▸ **Dataset**
--
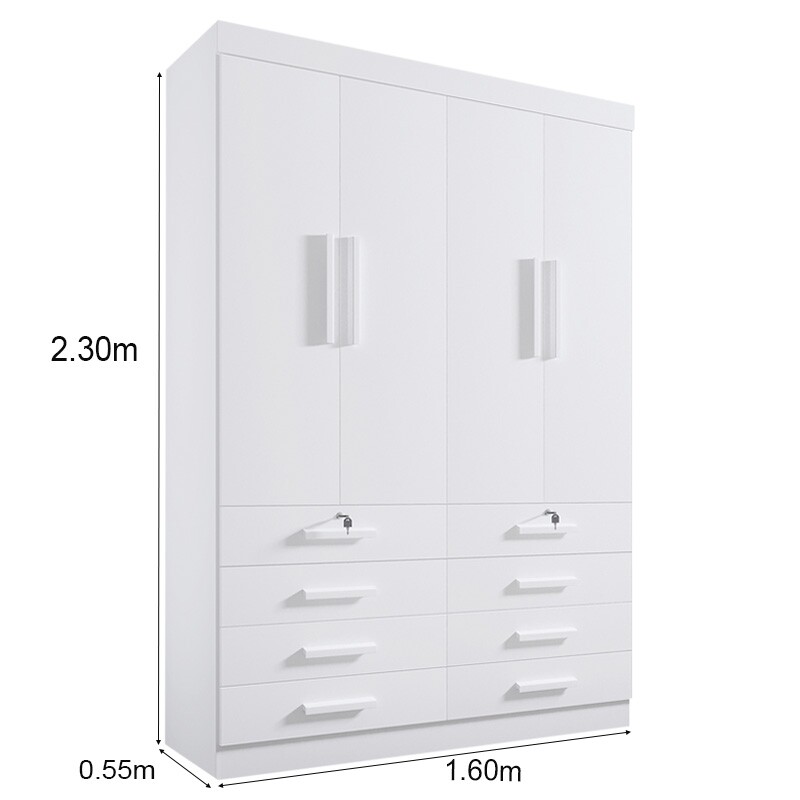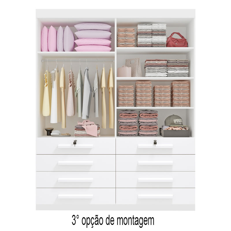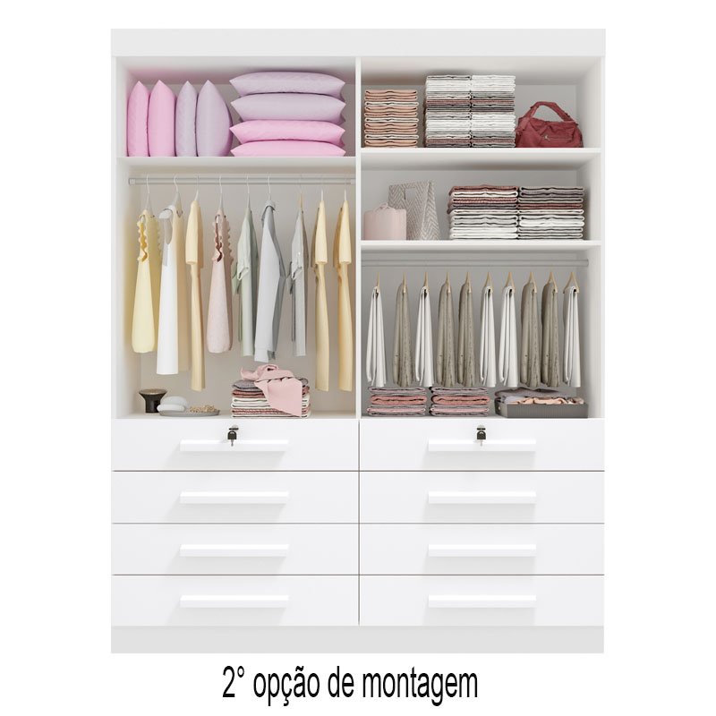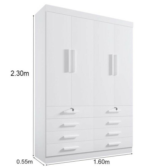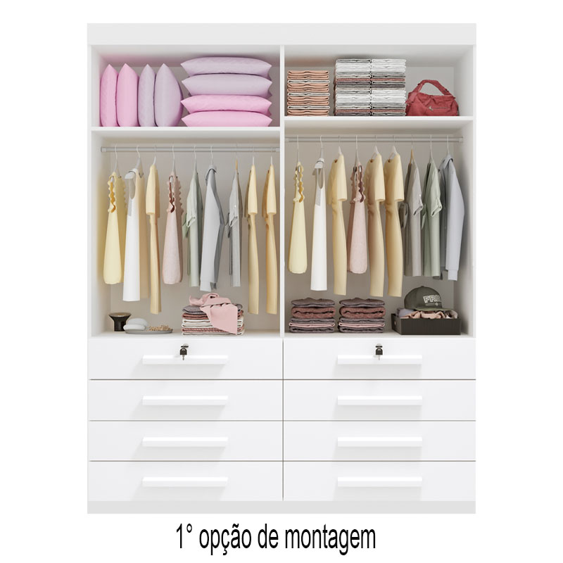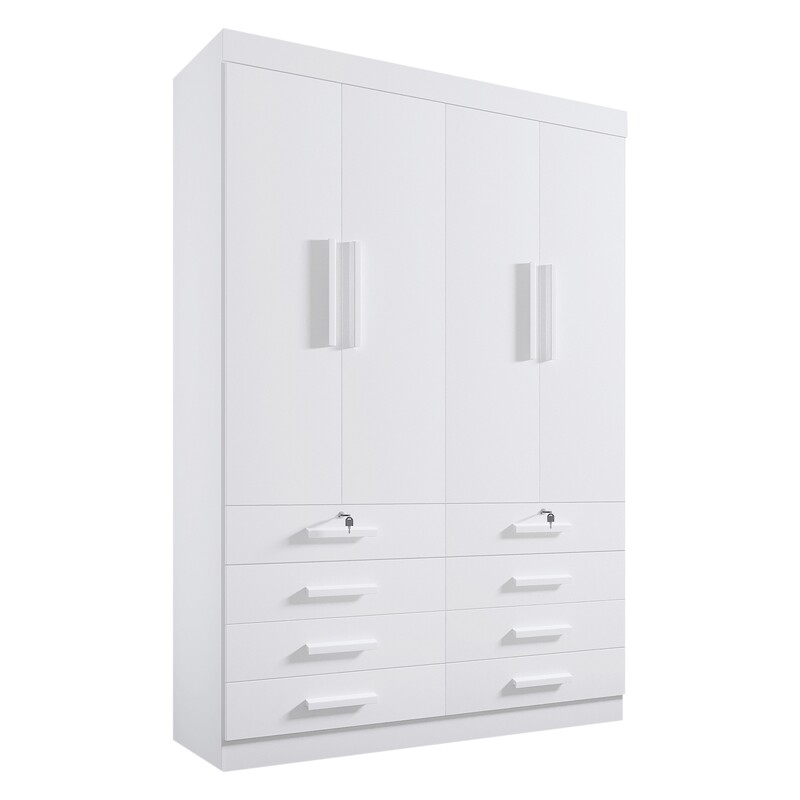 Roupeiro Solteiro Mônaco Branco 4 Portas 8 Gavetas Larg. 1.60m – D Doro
--
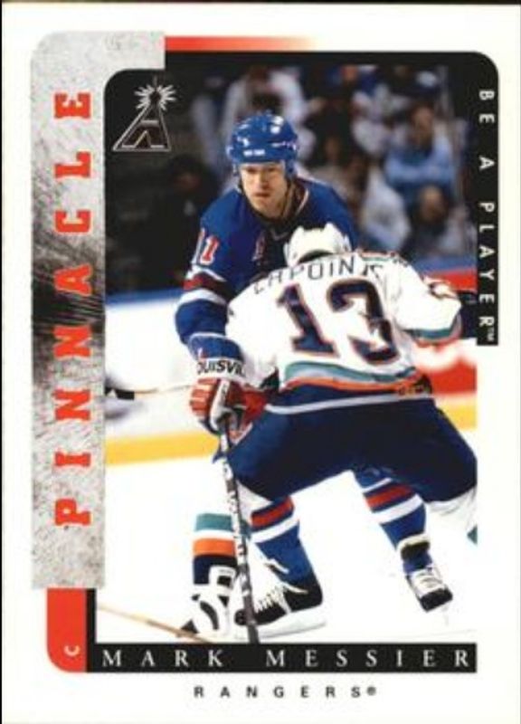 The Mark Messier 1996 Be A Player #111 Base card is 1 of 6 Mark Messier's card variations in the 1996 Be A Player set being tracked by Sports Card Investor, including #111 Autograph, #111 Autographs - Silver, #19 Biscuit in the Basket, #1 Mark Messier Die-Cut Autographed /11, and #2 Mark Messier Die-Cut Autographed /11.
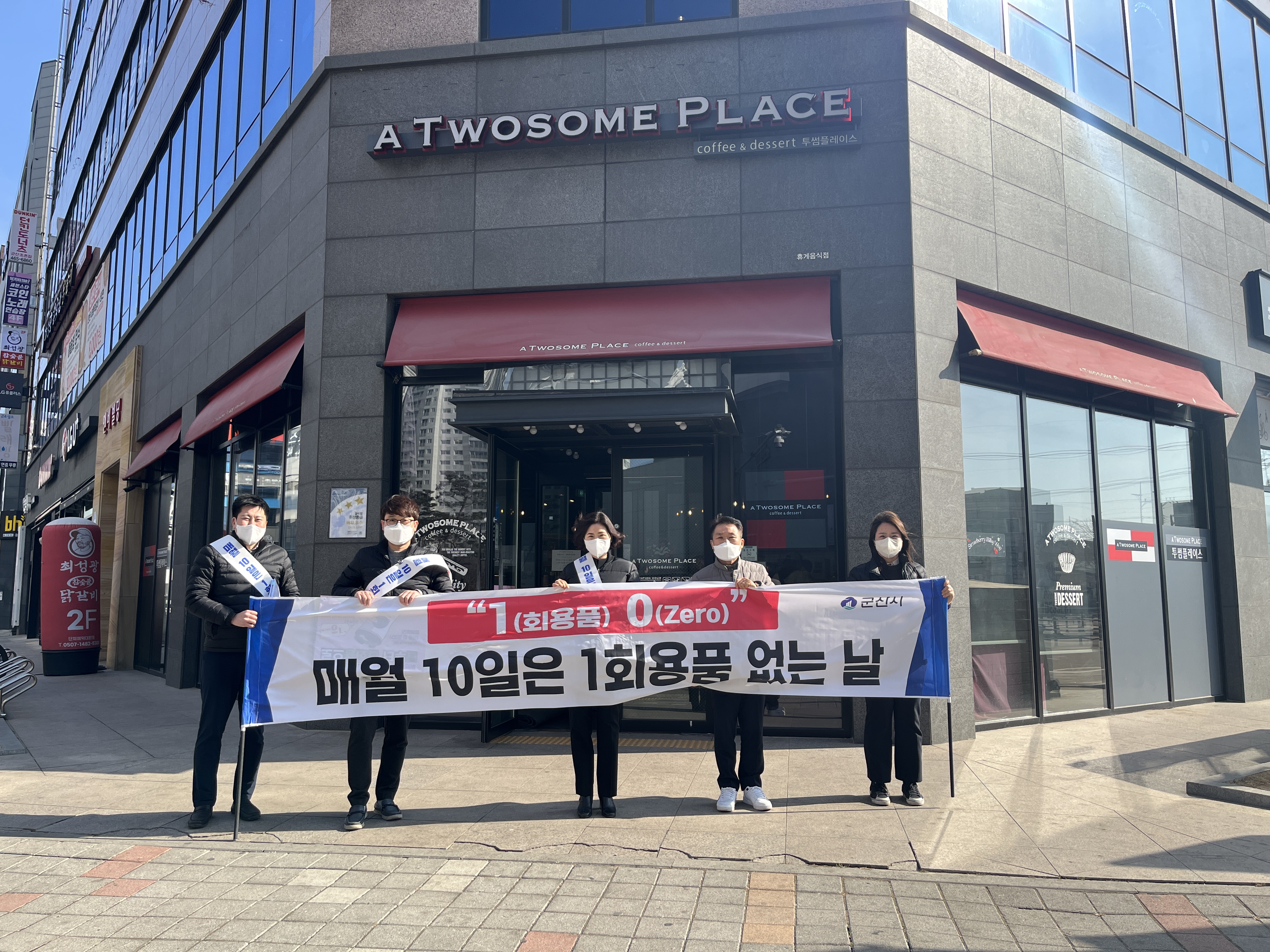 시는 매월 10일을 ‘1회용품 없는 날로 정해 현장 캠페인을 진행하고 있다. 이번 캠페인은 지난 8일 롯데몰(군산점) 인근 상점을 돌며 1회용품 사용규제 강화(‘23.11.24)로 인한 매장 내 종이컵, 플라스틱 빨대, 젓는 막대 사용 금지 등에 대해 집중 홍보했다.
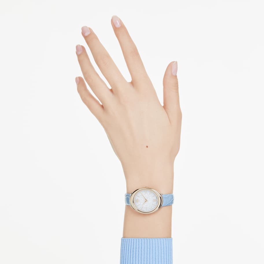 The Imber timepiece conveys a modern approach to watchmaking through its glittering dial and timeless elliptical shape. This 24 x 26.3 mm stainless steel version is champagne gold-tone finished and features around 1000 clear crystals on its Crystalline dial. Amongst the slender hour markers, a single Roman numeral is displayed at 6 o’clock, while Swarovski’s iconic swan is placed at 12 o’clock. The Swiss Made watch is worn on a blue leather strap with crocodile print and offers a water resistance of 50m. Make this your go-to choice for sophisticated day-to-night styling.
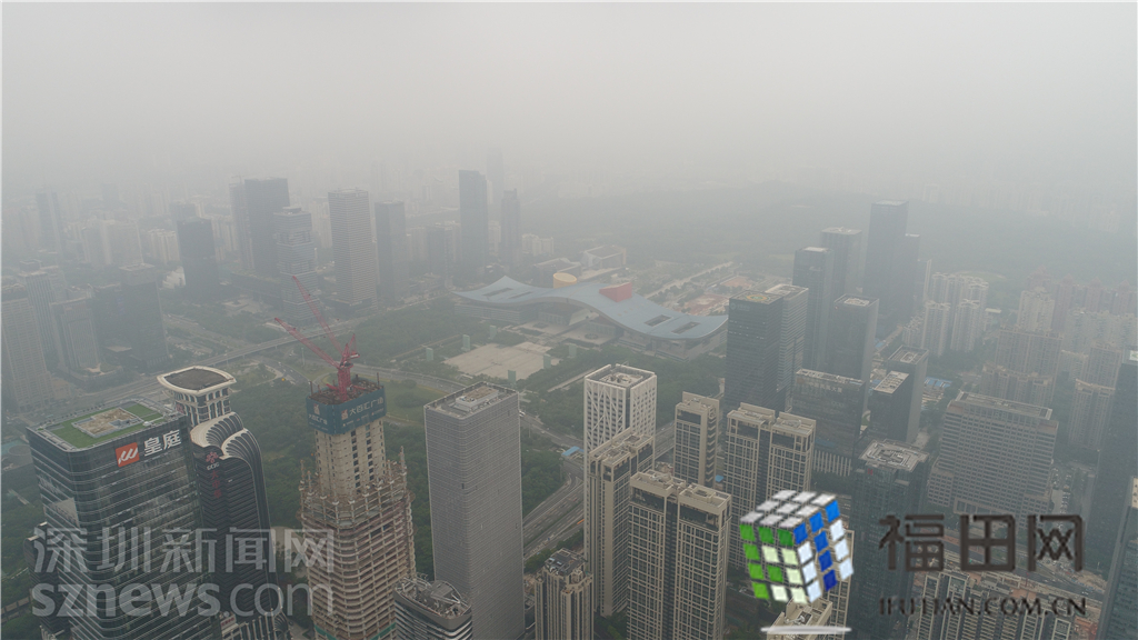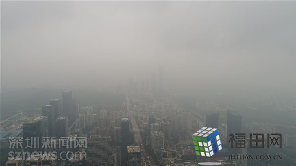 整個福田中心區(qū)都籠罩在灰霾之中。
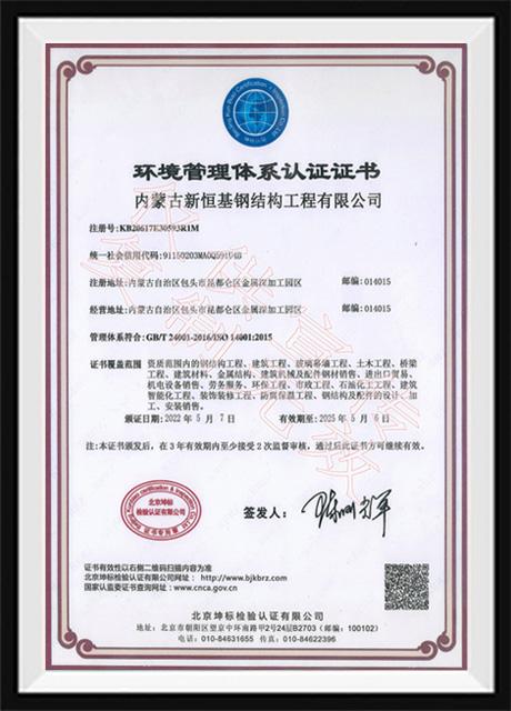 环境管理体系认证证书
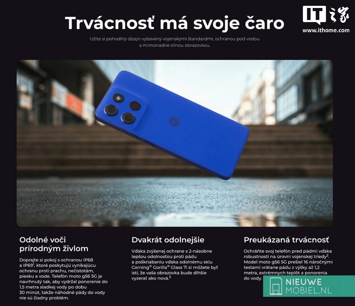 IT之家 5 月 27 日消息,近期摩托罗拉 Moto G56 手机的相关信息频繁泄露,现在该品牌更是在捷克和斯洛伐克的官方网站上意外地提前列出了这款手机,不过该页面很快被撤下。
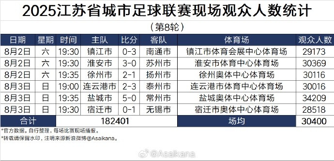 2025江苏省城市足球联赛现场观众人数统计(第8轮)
--
Print nothing except the lines above from the one containing "整個福田中心區(qū)都籠罩在灰霾之中。" down to the one containing "2025江苏省城市足球联赛现场观众人数统计(第8轮)", both included, exactly as written and free of pictures.

 整個福田中心區(qū)都籠罩在灰霾之中。
 环境管理体系认证证书
 IT之家 5 月 27 日消息,近期摩托罗拉 Moto G56 手机的相关信息频繁泄露,现在该品牌更是在捷克和斯洛伐克的官方网站上意外地提前列出了这款手机,不过该页面很快被撤下。
 2025江苏省城市足球联赛现场观众人数统计(第8轮)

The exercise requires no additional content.